Democrat Julie Lofstad defeated Republican Richard Yastrzemski in a Southampton Town special election Tuesday.
With all 42 electoral districts counted, Lofstad had 2,771 votes to Yastrzemski’s 1,721, according to preliminary results from the Suffolk County Board of Elections.
Lofstad will serve the two years left in the unfinished term of ex-Councilman Bradley Bender, who pleaded guilty to selling oxycodone pills and resigned Nov. 24.
Her victory means a Democratic-Independence alliance will continue to control the South Fork town, where the GOP dominated politics for decades until 2013.
Lofstad also had the backing of the Independence and Conservative parties in the special election. Yastrzemski had only the Republican line.

“We knew going in we had an uphill battle, but me and my team, we worked hard,” Yastrzemski said Tuesday night. “I thought it was two respectful races.

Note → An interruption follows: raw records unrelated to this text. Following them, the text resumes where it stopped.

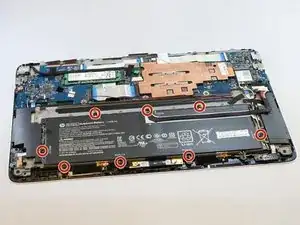 Используйте отвертку Phillips #00, чтобы выкрутить семь 3 мм винтов вокруг аккумулятора.
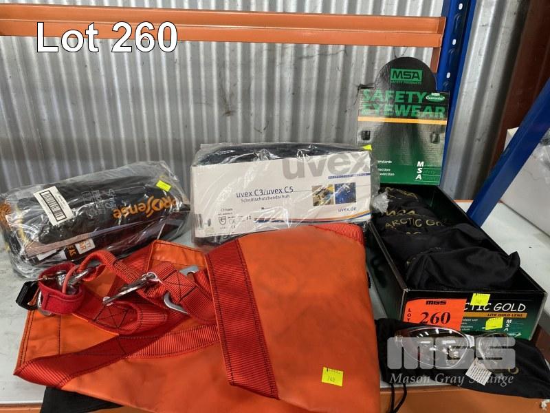 12 x PAIRS MSA SAFETY EYE WARE ARCTIC GOLD GLASSES, 10 x PAIRS UVEX C3 FOAM PROTECTIVE GLOVES, 12 x PAIRS PRO SAFETY GEAR, STINGA PRO SENSE GLOVES & VIKING DESCENT SAFETY SEAT, HONOR MOD: ABTRI
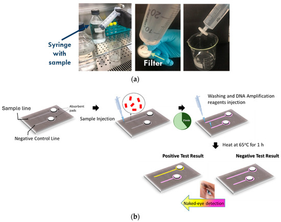 The two-step detection protocol for Legionella included (a) a short (5 min) off-chip filtration step for sample preconcentration, starting from 200 mL of artificially contaminated water, and (b) on-chip bacteria capture, lysis, DNA amplification, and color change (naked eye) end-point detection.

She’s a good person and she’s got her work cut out for her.”
Both Lofstad and Yastrzemski competed less than three months ago in the Nov. 3 general election.
Yastrzemski, a Southampton Village trustee, was the GOP candidate for town supervisor last year but lost to Independence Party member Jay Schneiderman.

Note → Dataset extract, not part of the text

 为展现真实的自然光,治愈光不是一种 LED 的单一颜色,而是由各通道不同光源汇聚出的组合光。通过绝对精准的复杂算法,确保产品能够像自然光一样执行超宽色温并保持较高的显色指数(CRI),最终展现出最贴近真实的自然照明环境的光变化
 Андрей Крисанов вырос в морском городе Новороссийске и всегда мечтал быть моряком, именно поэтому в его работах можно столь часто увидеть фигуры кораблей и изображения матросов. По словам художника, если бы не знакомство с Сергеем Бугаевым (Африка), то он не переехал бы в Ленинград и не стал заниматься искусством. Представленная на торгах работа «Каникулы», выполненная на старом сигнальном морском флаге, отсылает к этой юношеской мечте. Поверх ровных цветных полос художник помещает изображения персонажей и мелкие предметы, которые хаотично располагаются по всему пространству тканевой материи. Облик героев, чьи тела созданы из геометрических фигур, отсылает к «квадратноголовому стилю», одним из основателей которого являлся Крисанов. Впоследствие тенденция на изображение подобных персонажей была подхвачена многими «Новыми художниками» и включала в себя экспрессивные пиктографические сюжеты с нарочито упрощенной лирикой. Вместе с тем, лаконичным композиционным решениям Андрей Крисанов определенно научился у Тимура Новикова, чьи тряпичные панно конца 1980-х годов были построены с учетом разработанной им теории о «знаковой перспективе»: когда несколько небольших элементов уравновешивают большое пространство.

Lofstad, a community activist from Hampton Bays, fell 115 votes short of winning a town board seat in a four-way race.
Democratic-leaning officials have had a three-person majority on the Southampton Town Board since 2013, when victories by former Supervisor Anna Throne-Holst, Democrat Bridget Fleming and Bender broke years of rule by Republicans and Conservatives.

Throne-Holst, an Independence Party member, left office at the end of 2015 to seek the Democratic nomination for Congress. Fleming was elected to the Suffolk legislature in November.

Schneiderman, the new supervisor, is an Independence Party member and former Suffolk legislator who ran alongside Democrats in November.
Also on the town board is Democrat John Bouvier and Republicans Christine Scalera and Stan Glinka.
During the campaigns in the fall and this winter, Lofstad stressed the importance of water quality, while Yastrzemski touted his management experience as a member of the Southampton Village Board since 2008.